The HGI clinical data (Schizophrenia Release 8.0) included potentially multiple DSM-IIIR and DSM-IV codes per individual for lifetime diagnoses, plus a single algorithmically assigned overall diagnosis: schizophrenia (designated in the HGI files as “SZ”), schizoaffective (“SA”), schizoaffective depressive type (“SADD”), narrow spectrum (“NSPECT”), broad spectrum (“BSPECT”), never mentally ill (“NMI”), or other (“OTHER”). Working with HGI staff, a new classification of “no psychiatric illness” (“NPI”) was implemented, replacing NMI and distinguishing varieties of OTHER, with uniform rules established to overcome what had been some inconsistencies in application of these categories across the collection. We assumed that most end-users of the HGI data would rely on the overall diagnoses, rather than DSM codes, and for processing purposes we utilized HGI's Model III: the broadest definition in which schizophrenia, schizoaffective, schizoaffective depressive type, narrow spectrum and broad spectrum are coded as “affected.” Individuals coded as NPI (no psychiatric illness) were classified as “unaffected,” and the remaining individuals were classified as “unknown.” Note that the depositing investigators' best estimate final diagnosis (BEFD) was not required by the HGI and was therefore generally not available.

(v) Preparation of CAPS-Geno

A number of data processing steps were taken to regularize the HGI-Geno data separately for each subset, imposing reference map marker order throughout. PEDSTATS [3] was run to identify and drop markers with Hardy-Weinberg equilibrium (HWE) p-value <0.0001. In-house scripts were used to remove markers missing >10% and zero individuals missing >20% of genotypes. Study 7 was only partially genotyped on the X chromosome, and therefore chromosome X markers were retained in this sample with up to 14% missingness. RELCHECK [4] was then run to verify and adjust pedigree structures. Mendel errors were assessed, including total number of errors per family and per marker, using MENDEL and zeroed-out as described under HGI-Geno above. Checks for Mendel errors, missingness, and HWE were repeated (in this order) in case any new markers or individuals crossed our criteria for removal during the previous steps. At each step, histograms were visually inspected to check that cutoffs were appropriate given the observed distributions (e.g., that they successfully captured outliers). Inspection of the histograms led us to raise the missingness thresholds to 25% for individuals and 15% for markers during the final iteration. (A complete set of histograms can be found in Appendix S1.) Additional checks at this stage included looking for duplicated individuals across pedigrees using RELCHECK and verifying concordance between recorded sex and X-chromosome genotypes. When an individual's sex could not be resolved by genotyped mate and offspring (without RELCHECK problems), the X-Genotypes were zeroed and the phenotype of the individual was set to unknown to protect against undetectable sample swaps.

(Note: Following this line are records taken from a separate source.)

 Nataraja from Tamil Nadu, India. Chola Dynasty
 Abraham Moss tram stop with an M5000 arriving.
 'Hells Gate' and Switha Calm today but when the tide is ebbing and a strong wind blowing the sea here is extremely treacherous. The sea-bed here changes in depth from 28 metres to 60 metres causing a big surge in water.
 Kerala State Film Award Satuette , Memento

Finally, we constructed subset-specific maps based on the data as processed to this point, to allow for differing inter-marker genetic distances and marker allele frequencies across studies and, in particular, across population groups. For the microsatellite data, marker-to-marker genetic distances were estimated using KELVIN [5], and marker allele frequencies were estimated by maximum likelihood estimation using MENDEL for all data sets, including those for which frequencies had been included in the HGI files. For the SNP data, marker allele frequencies were similarly estimated, but physical locations were interpolated directly onto the reference map.

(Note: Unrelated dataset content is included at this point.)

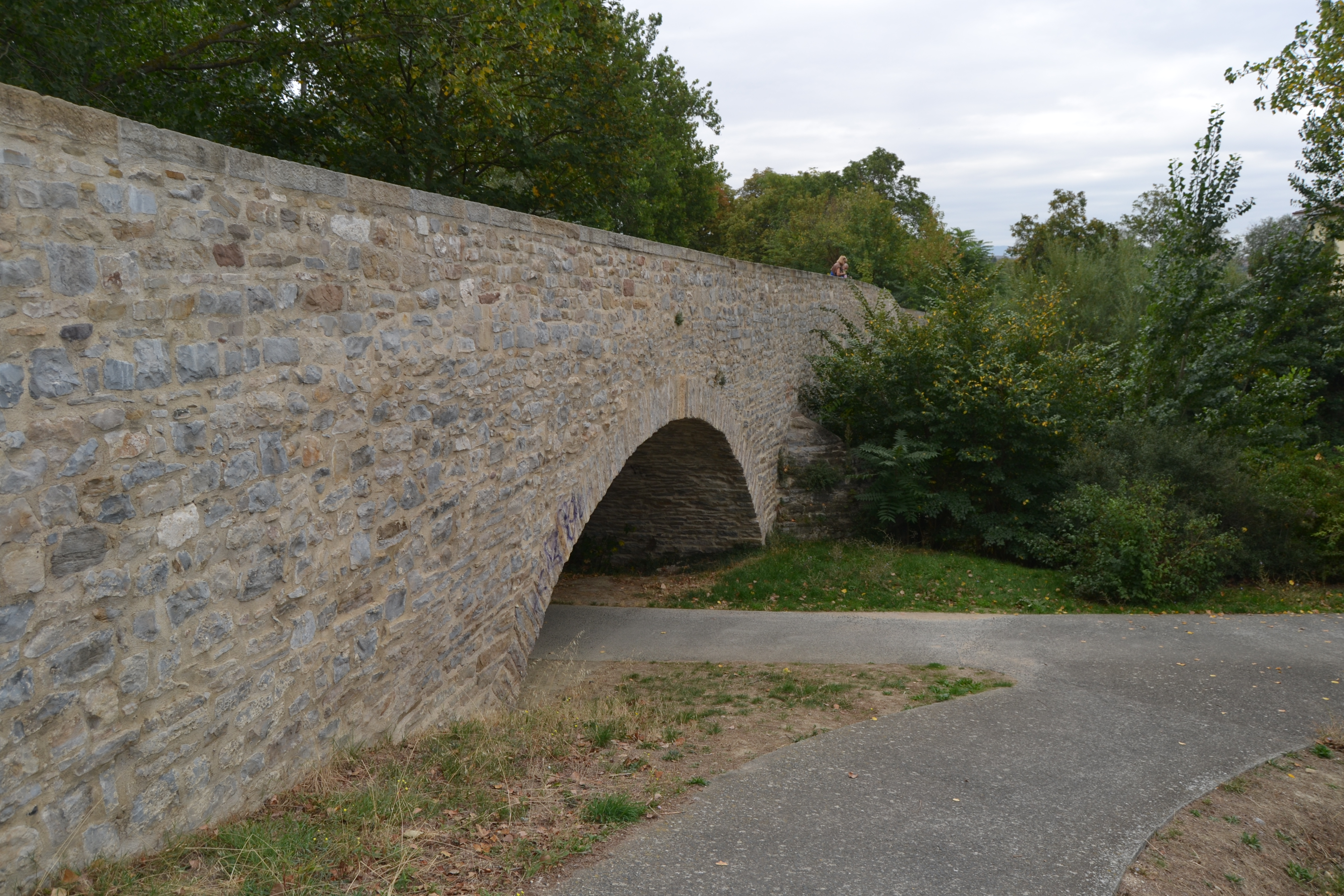 Bridge of Miluze. Iruñea-Pamplona, Navarre. Basque Country.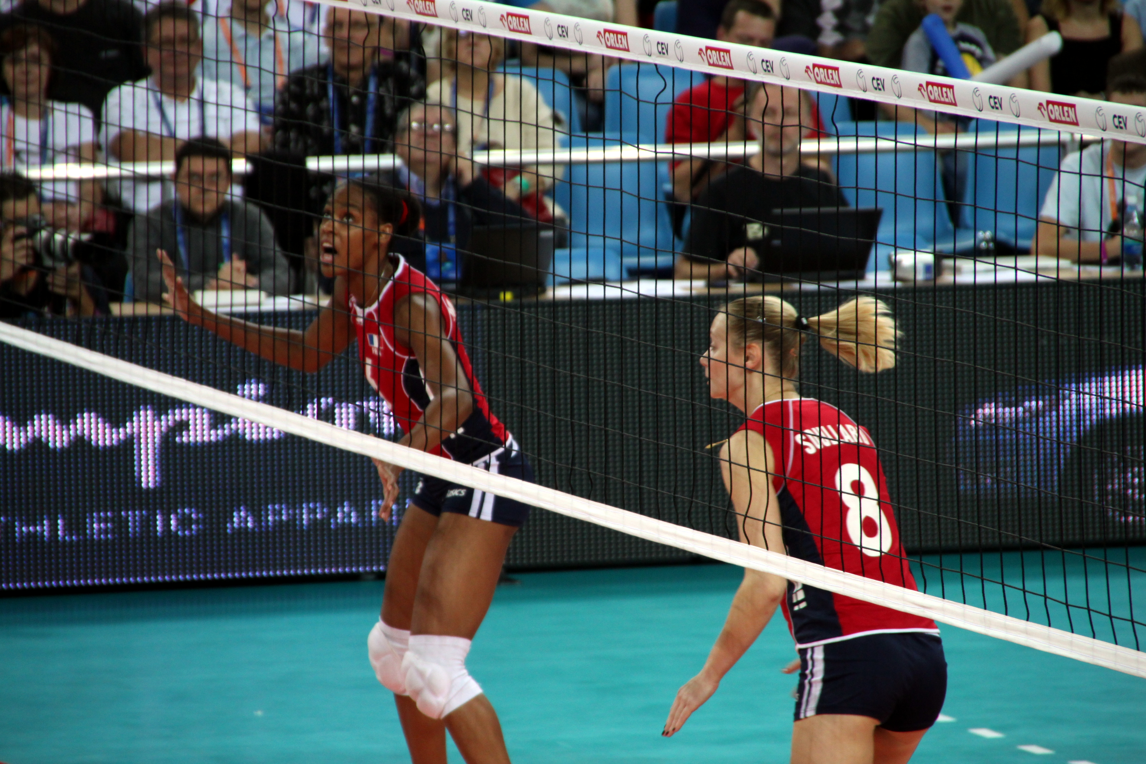 French players Amandine Mauricette (6) and Pauline Soullard (8) during the game between France and Italy for the Women's Eurovolley 2009 in Poland... [France 1:3 Italy, Wroclaw, Poland 28.09.2009]

(vi) Preparation of CAPS-Pheno

The primary aim of phenotypic data regularization was to ensure consistency in the handling of clinical complexities across studies, in preparation for multi-study linkage analysis. We therefore worked from the original investigator-supplied DSM codes, rather than the algorithmic HGI diagnoses. Note, however, that these codes represent lifetime diagnoses, without temporal data (although such information may have been available to the original investigators). Therefore, it was not possible for us to distinguish comorbid conditions from conditions that occurred over the course of illness or due to disease progression. Given the data available to us, or to any end-user of the HGI, we opted to take a conservative approach to diagnostic classification, in order to focus on a core phenotype that could be consistently assigned across studies. Additionally, we would expect our conservative approach to increase power to detect linkage. Linkage analysis is particularly sensitive to the miss-classification of unaffected individuals as affected, a type of error that can mimic both inter- and intra-familial heterogeneity, and as a result can severely reduce power. Of course classifying affected individuals as unaffected or unknown can also reduce power through loss of information, but the two types of errors are not equivalent in their impact, depending on the type of analysis employed.

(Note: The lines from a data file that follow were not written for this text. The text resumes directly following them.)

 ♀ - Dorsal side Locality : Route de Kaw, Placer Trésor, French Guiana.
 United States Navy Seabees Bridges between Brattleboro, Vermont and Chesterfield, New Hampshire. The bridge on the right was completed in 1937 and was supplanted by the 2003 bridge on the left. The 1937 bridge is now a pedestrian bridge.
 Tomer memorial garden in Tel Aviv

We first applied exclusionary criteria, recoding diagnosed individuals as phenotype “unknown” in the presence of: all dementias, amnestic and cognitive disorders; unknown/unspecified or deferred diagnoses on Axis I; and substance-related disorders that have been linked to schizophrenia or that cause ancillary psychiatric symptoms. Also set to “unknown” were individuals with Major Depressive or Bipolar Disorder coded as either “severe, with psychotic features” or “severity unknown.” (A complete list of corresponding DSM-IIIR and DSM-IV codes is found in Appendix S2, along with our final diagnostic algorithm.) Remaining schizophrenia cases, coded as “affected,” were divided into two levels: (i) Schizophrenia (Disorganized, Catatonic, Paranoid, and Residual types of Schizophrenia Disorder); and (ii) Schizophrenia/Affective (Schizoaffective Disorder or any Schizophrenia Disorder and a significant Affective Disorder). Schizophrenia individuals with comorbid diagnoses of Recurrent Major Depressive or Bipolar Disorder were recoded as Schizophrenia/Affective in order to account for the affective presentation while taking into consideration diagnostic uncertainty due to lack of temporal data. We also classified as Broad Spectrum anyone meeting criteria for a Delusional Disorder, Brief Psychotic Disorder, Psychotic Disorder NOS, Schizophreniform Disorder, or Cluster A Personality Disorder. Because we would expect more variability in the diagnosis of individuals with broad spectrum rather than clear-cut core schizophrenia, Broad Spectrum subjects were recoded to “unknown;” only 187 individuals (<7% of affected individuals) fell in this category. Individuals assigned a diagnosis of Bipolar I or II Disorder NOS, Mood Disorder NOS, Depressive Disorder NOS, Personality Disorder NOS, or Diagnosis Deferred on Axis II, were coded as “unknown.” Finally, individuals with a clinical assessment who did not meet criteria for Schizophrenia, Schizophrenia/Affective, or Broad Spectrum and who also did not have any of the exclusionary diagnoses were coded as “unaffected.”

(vii) Statistical Methods

In order to assess the impact of the CAPS data processing protocols on linkage analysis results, we computed multipoint nonparametric linkage (NPL) scores based on S-pairs [6] using MERLIN [7]. All but one of the original publications used either the NPL or the closely related z-score of Whittemore and Halpern [8]; the one exception was Study 4 [9], which utilized MCMC and Variance Components. Analyses were conducted separately for each data subset, and in order to distinguish the impact of changes in genotypic or phenotypic data separately, we compared results over the following four configurations: HGI-Pheno+HGI-Geno, HGI-Pheno+CAPS-Geno, CAPS-Pheno+HGI-Geno, and CAPS-Pheno+CAPS-Geno.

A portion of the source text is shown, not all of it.